Через мгновение я осталась наедине со струёй ионного душа. Кое-где краска всё-таки въелась в кожу. Вся моя одежда, кроме носков, была безнадёжно испорчена. Даже на ботинках красовались яркие красные пятна. Стыдливо завернувшись в полотенце и сжимая в руке платёжную карточку, я подкралась к двери. От моей храбрости не осталось и следа.

- Эй, - сказал голос над моим ухом. - Я тут раздобыл вам чистую одежду. Сейчас сброшу.
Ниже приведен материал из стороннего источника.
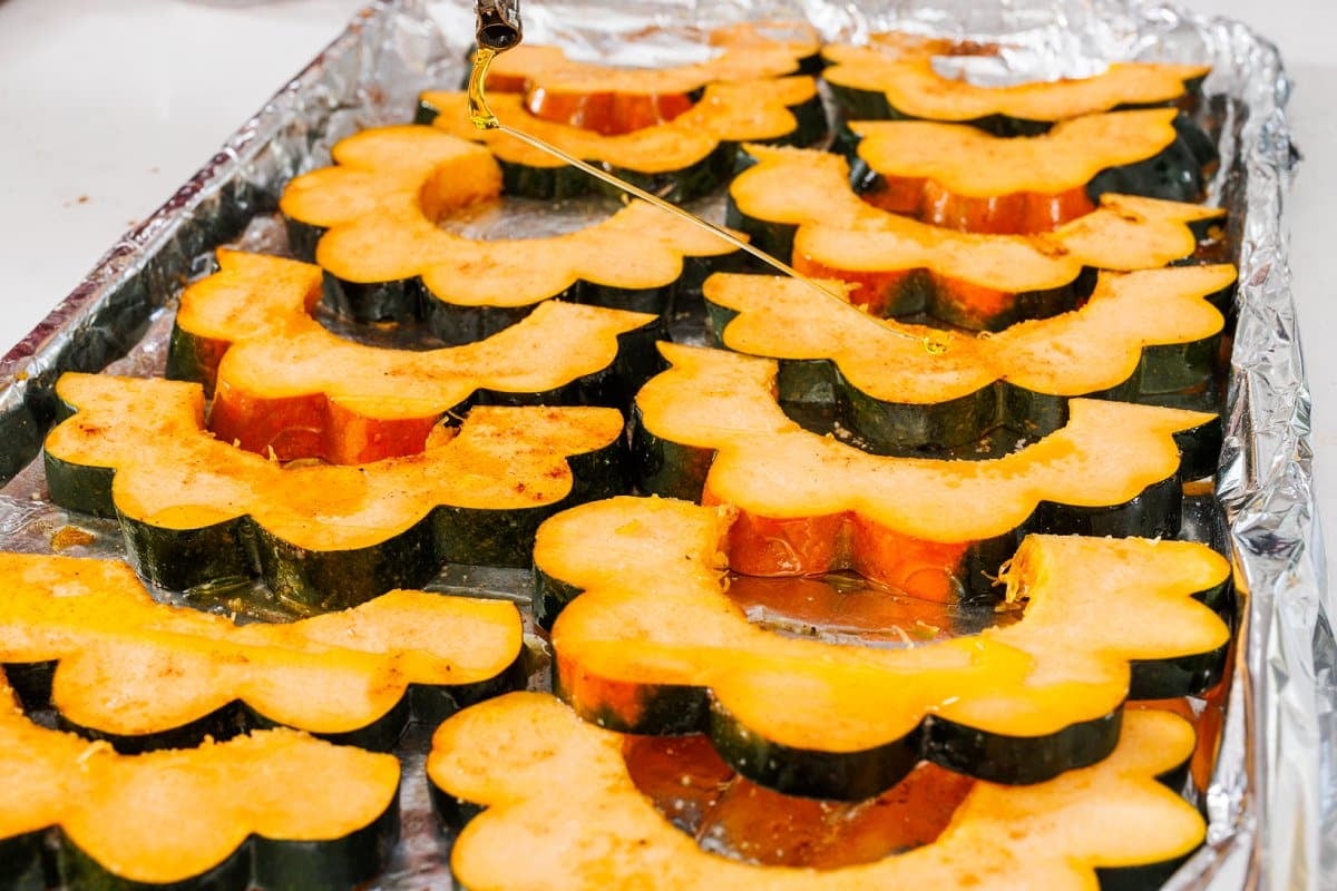 - Drizzle the squash slices with olive oil and toss to coat on both sides. Sprinkle with cinnamon, half of the salt (1/2 teaspoon) and pepper then toss again. Bake until golden brown and tender, about 25-30 minutes.

В стене выдавилась дыра, на пол шлёпнулся голубой, тускло мерцающий свёрток с эмблемой телемагазина "Баро". Мне редко случалось бывать в квартирах-автоматах, с тех пор, как я попала в Школу, - ни разу, и я почти забыла, на что они способны. Обед, появляющийся из разверзшейся стены, стул, вырастающий из пола, перемещающиеся комнаты и вездесущий бесплотный голос хозяина, звучащий будто из воздуха - только малая часть трюков. Когда-то я тоже хотела иметь такую квартиру. Но мои родители предпочитали более дешёвое и надёжное традиционное жильё, а сама я теперь обречена провести жизнь в казённых стенах.

Следом за пухлым блестящим свёртком на пол плюхнулась небольшая чёрная коробочка.

- Это пластырь-абосрбант. Поплотнее прижмите его к поражённым местам.

Я поочерёдно отделила от плотной стопки четыре тонкие влажные полоски, прилепила на грудь, живот и плечо и тщательно разгладила. Ткань пластыря на глазах высыхала, присасываясь к коже. Я закрыла коробочку и глянула на себя в зеркало - вся в заплатах, будто тряпичная кукла.

Конечно, он мог наблюдать за мной. Наверняка его позабавило, как старательно я куталась в полотенце и как подпрыгнула, услышав его голос. Я пожала плечами и взялась за свёрток с одеждой.

Плёнка разложилась у меня на глазах, осталась только эмблема, в целях рекламы сделанная из обычного пластика. Впрочем, ей удалось пережить саму упаковку ровно настолько, сколько мне потребовалось, чтобы дойти до утилизатора.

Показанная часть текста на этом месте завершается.